Instructions to follow. Your answer should contain only the lines from the top of the data below down through the one with "Moteriška vienspalvė apvali", transcribed exactly and without pictures; please include nothing more.

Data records
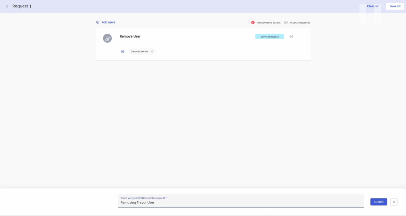Enter your justification for the request and then click on the submit button.
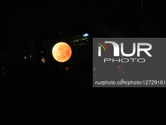 Residents record the total lunar eclipse using their mobile phones in Jakarta, Indonesia, on September 7, 2025.
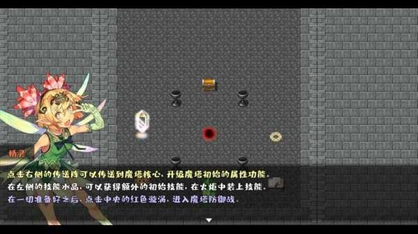 开始战斗时,请留意屏幕上的提示文字:点击右侧的传送阵,即可前往废塔核心;而提升魔塔初始属性的功能,则位于左侧的技能界面,通过这里可以解锁额外的初始技能。
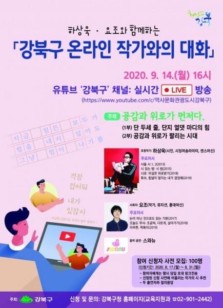 [무한뉴스] 강북구가 ‘하상욱·요조와 함께하는 온라인 작가와의 대화’를 오는 9월 14일 오후 4시 유튜브 ‘강북구’ 채널에서 실시간 방송한다.
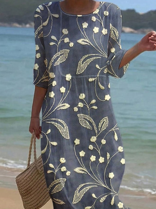 Moteriška vienspalvė apvali kaklo pusė gėlėto medvilnės ir lino suknelė-LT
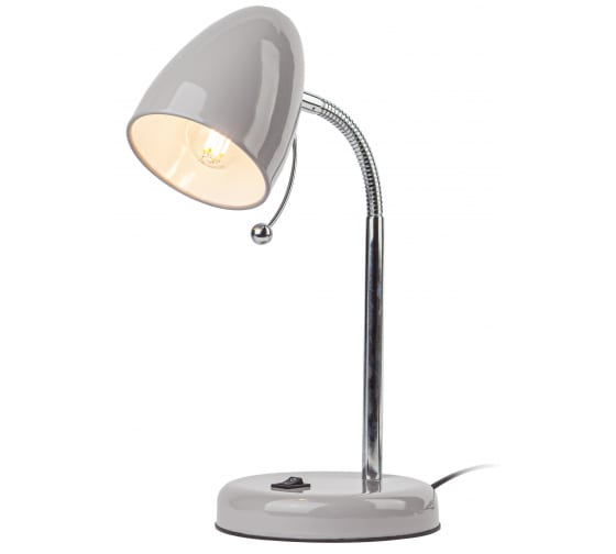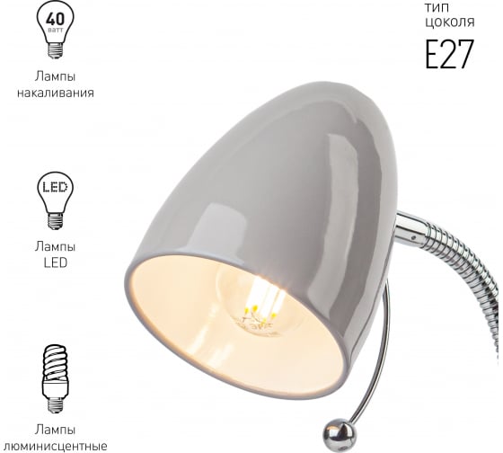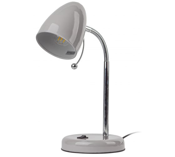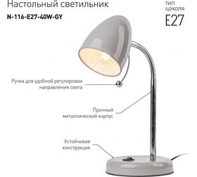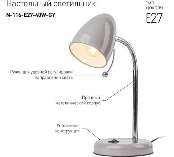 Настольный светильник ЭРА N-116-Е27-40W-GY серый Б0047203 компактного размера для удобного размещения на столе. Может использоваться с лампой накаливания, компактной люминесцентной лампой (КЛЛ) или светодиодной (LED) лампой. У светильника металлические стойка и плафон, выключатель на основании. Высота расположения плафона регулируется сгибающейся стойкой, направление света - наклоном и поворотом плафона в любом направлении.
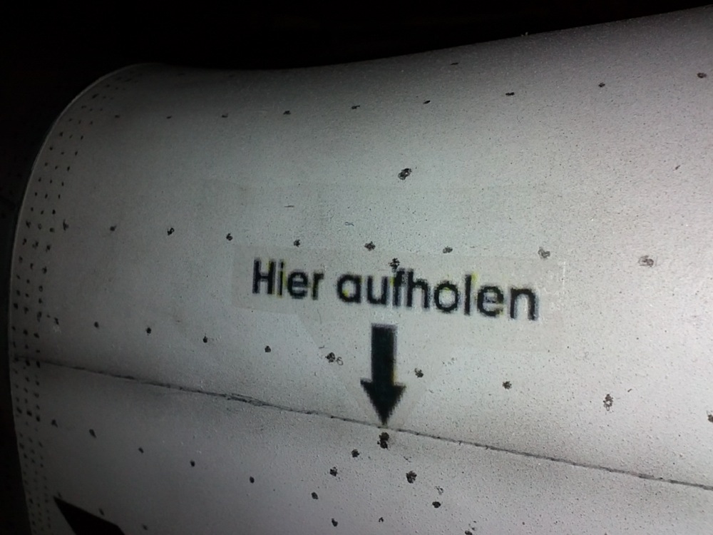 . El punteado lo hice con un lapiz de mina blanda 4B dejandole la punta roma y con una regla un punto cada 5mm. Las formas de las tapas bajo las alas, con una plantilla de cartulina de la que utilizan algunos envases, sobre la cual dibuje la forma de los distintos modelos de tapa que necesitaba, despues las recorté y finalmente con el mismo lápiz las contorneé sobre las alas. He de reconocer que esta es la solución mas facil aunque no menos laboriosa. Ahora puedo decir que lo que mejor se hacer son los puntos
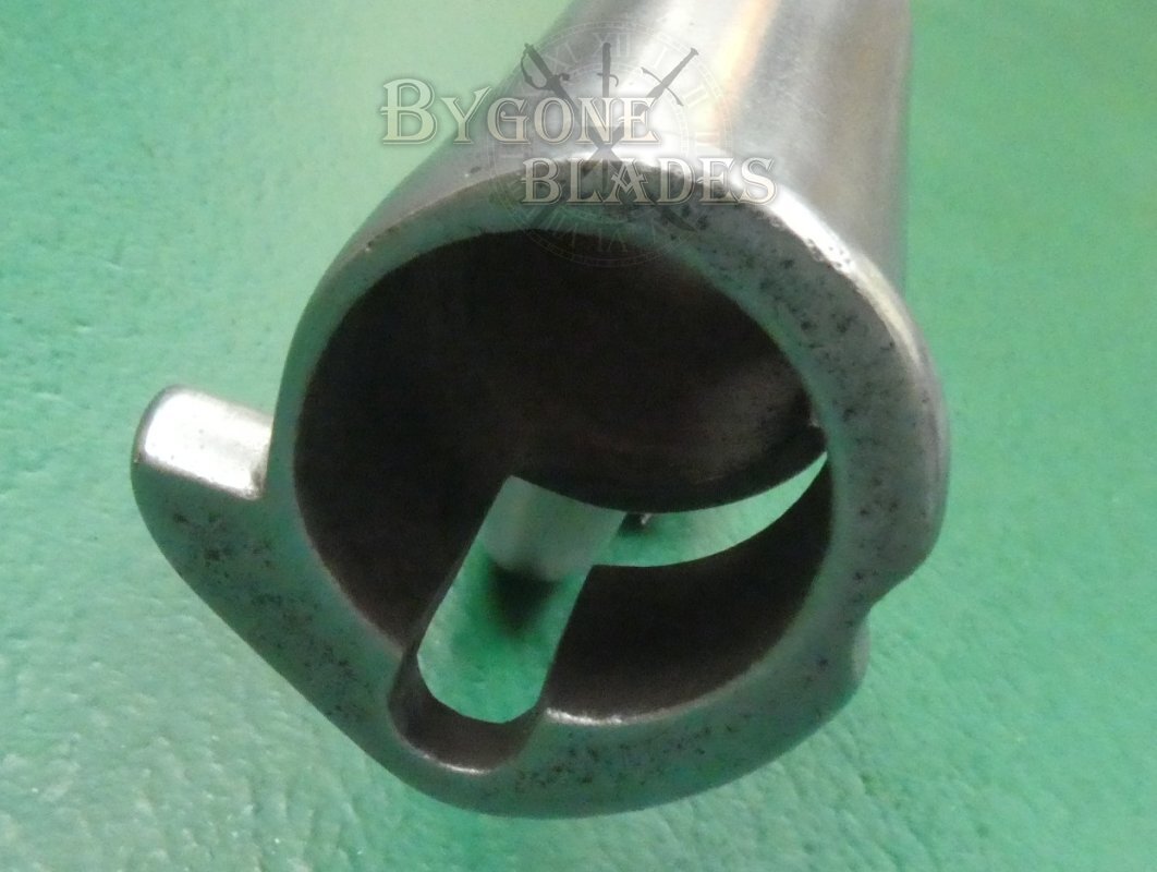 The Lovell’s spring catch was developed early in the 1840’s as a replacement for the Hanoverian catch and was approved by the Board of Ordnance on the 23rd October 1844. Following its adoption, the Lovell catch was retro-fitted to several earlier patterns of socket bayonet and was also used with new pattern muskets. This particular bayonet is for the 1851 pattern musket. It is essentially the same as the 1842 pattern, but with a slightly smaller diameter socket.
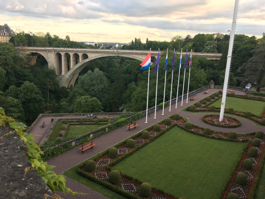 5. päivä: Meppen-Luxemburg. Tämä päivä oli ’suunnistuspäivä’. Aamutuimaan ajoin moottoritielle ja sitä pitkin Hollannin puolelle Enscheden kaupunkiin. Ajoin Assenin MotoGP matkalta tutulle kaupungin keskustorille, missä istuskelin ja odottelin ravintolan aukeamista. Kaikki isommat tiet tuntuivat olevan itä-länsi suunnassa, mistä johtuen ajelin pikkuteitä pitkät pätkät. Matkalla tuli vastaan sellaisin kaupunkeja kuin Venlo, Maastricht ja Liege. Välillä reitti kävi Saksan puolella kunnes palasi Hollantiin. Liegen kohdalla tein pienen harhaan ajon kun ajatuksissani matkaa tehden ajoin liittymän ohi ja löysin itseni Liegen esikaupunkialueelta. Mutta ennen pitkää Luxemburg tuli vastaan, missä hotelli tai oikeammin omakotitalon vintti odotti väsynyttä matkaajaa. Illalla kävelin keskustaan ja ihailin matkalla kaupungin suuria korkeuseroja. Iltapala kaupungin keskustassa ja takaisin hotellille valmistautumaan seuraavaan matkapäivään. Alun perin olin päättänyt, että Luxemburgissa teen päätöksen loppumatkan reitistä. Nyt olin päättänyt että loppureitti veisi Sveitsiin ja Alppien väliseen laaksoon. Matkaa kaikkine harhailuineen kertyi tälle päivälle 530 km.
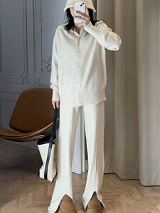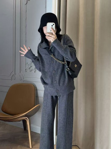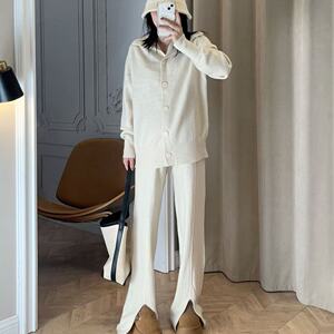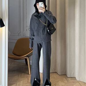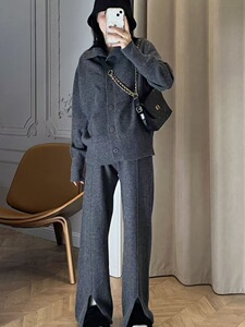慵懒风休闲羊绒棉套装女秋冬轻奢韩版宽松上衣开叉阔腿裤两件套装
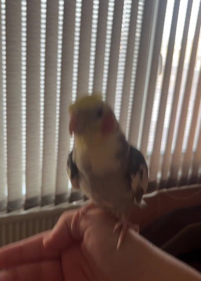 cockatiel perched on a person's hand. The bird has gray and yellow plumage, with reddish-orange cheek patches. The person's hand is pale, and the bird is facing the camera. In the background are vertical blinds covering a window. There is also a radiator visible. The bird appears to be preening or adjusting its feathers. The camera is unsteady and slightly out of focus.
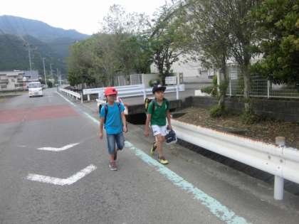 大平中学校近くの横断歩道では、黄色い旗で守られています♪

Worked solution.
Enter your justification for the request and then click on the submit button.
 Residents record the total lunar eclipse using their mobile phones in Jakarta, Indonesia, on September 7, 2025.
 开始战斗时,请留意屏幕上的提示文字:点击右侧的传送阵,即可前往废塔核心;而提升魔塔初始属性的功能,则位于左侧的技能界面,通过这里可以解锁额外的初始技能。
 [무한뉴스] 강북구가 ‘하상욱·요조와 함께하는 온라인 작가와의 대화’를 오는 9월 14일 오후 4시 유튜브 ‘강북구’ 채널에서 실시간 방송한다.
 Moteriška vienspalvė apvali kaklo pusė gėlėto medvilnės ir lino suknelė-LT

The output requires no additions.